**Problem details**.
Restate the listing below word for word, pictures excluded.

**Supplied information**.
^^^^^^^^

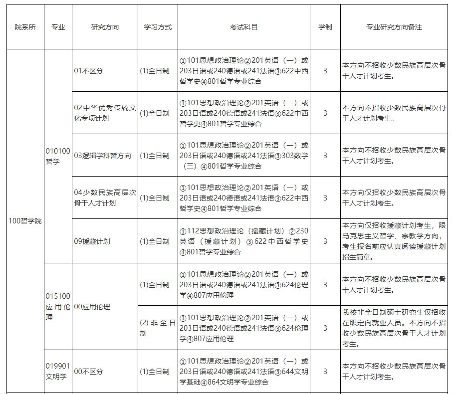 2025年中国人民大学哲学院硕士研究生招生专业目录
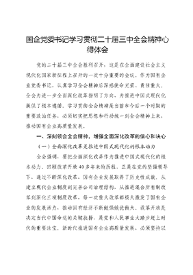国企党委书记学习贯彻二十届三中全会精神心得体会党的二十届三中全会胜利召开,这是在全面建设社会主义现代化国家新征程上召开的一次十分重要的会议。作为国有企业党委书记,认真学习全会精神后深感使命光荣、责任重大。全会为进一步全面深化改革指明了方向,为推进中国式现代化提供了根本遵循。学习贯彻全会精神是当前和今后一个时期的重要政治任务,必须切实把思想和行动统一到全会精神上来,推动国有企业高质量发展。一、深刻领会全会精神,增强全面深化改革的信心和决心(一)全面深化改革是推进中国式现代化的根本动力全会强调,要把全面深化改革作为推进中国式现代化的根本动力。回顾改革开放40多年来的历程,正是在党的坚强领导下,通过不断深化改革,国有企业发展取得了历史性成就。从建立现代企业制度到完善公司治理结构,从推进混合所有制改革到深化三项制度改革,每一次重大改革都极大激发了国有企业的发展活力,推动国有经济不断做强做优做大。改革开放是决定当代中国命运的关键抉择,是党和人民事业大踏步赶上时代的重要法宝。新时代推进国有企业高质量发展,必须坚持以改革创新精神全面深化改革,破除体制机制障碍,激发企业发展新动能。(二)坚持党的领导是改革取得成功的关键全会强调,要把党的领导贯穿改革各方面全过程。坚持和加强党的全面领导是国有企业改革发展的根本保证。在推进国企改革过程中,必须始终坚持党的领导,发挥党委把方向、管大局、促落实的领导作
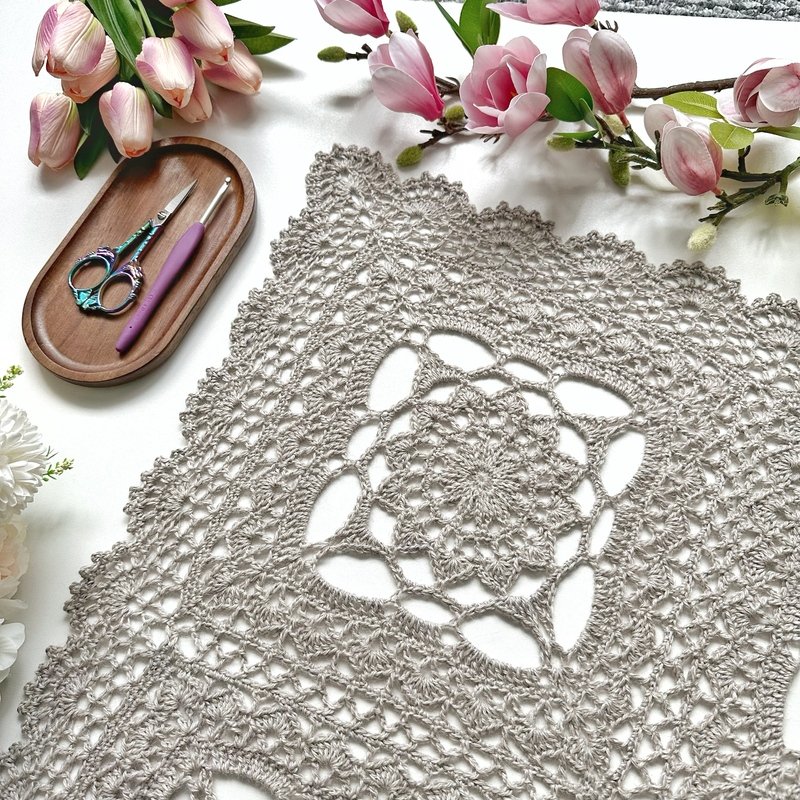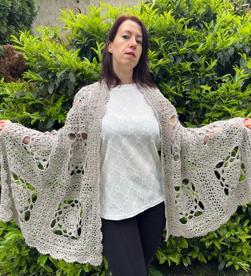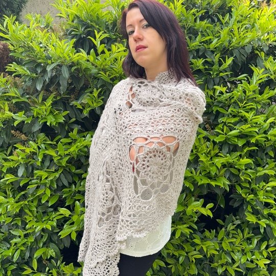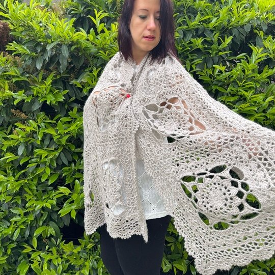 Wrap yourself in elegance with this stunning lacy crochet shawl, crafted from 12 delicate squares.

^^^^^^^^

**Exercise answer**.
 2025年中国人民大学哲学院硕士研究生招生专业目录
国企党委书记学习贯彻二十届三中全会精神心得体会党的二十届三中全会胜利召开,这是在全面建设社会主义现代化国家新征程上召开的一次十分重要的会议。作为国有企业党委书记,认真学习全会精神后深感使命光荣、责任重大。全会为进一步全面深化改革指明了方向,为推进中国式现代化提供了根本遵循。学习贯彻全会精神是当前和今后一个时期的重要政治任务,必须切实把思想和行动统一到全会精神上来,推动国有企业高质量发展。一、深刻领会全会精神,增强全面深化改革的信心和决心(一)全面深化改革是推进中国式现代化的根本动力全会强调,要把全面深化改革作为推进中国式现代化的根本动力。回顾改革开放40多年来的历程,正是在党的坚强领导下,通过不断深化改革,国有企业发展取得了历史性成就。从建立现代企业制度到完善公司治理结构,从推进混合所有制改革到深化三项制度改革,每一次重大改革都极大激发了国有企业的发展活力,推动国有经济不断做强做优做大。改革开放是决定当代中国命运的关键抉择,是党和人民事业大踏步赶上时代的重要法宝。新时代推进国有企业高质量发展,必须坚持以改革创新精神全面深化改革,破除体制机制障碍,激发企业发展新动能。(二)坚持党的领导是改革取得成功的关键全会强调,要把党的领导贯穿改革各方面全过程。坚持和加强党的全面领导是国有企业改革发展的根本保证。在推进国企改革过程中,必须始终坚持党的领导,发挥党委把方向、管大局、促落实的领导作
 Wrap yourself in elegance with this stunning lacy crochet shawl, crafted from 12 delicate squares.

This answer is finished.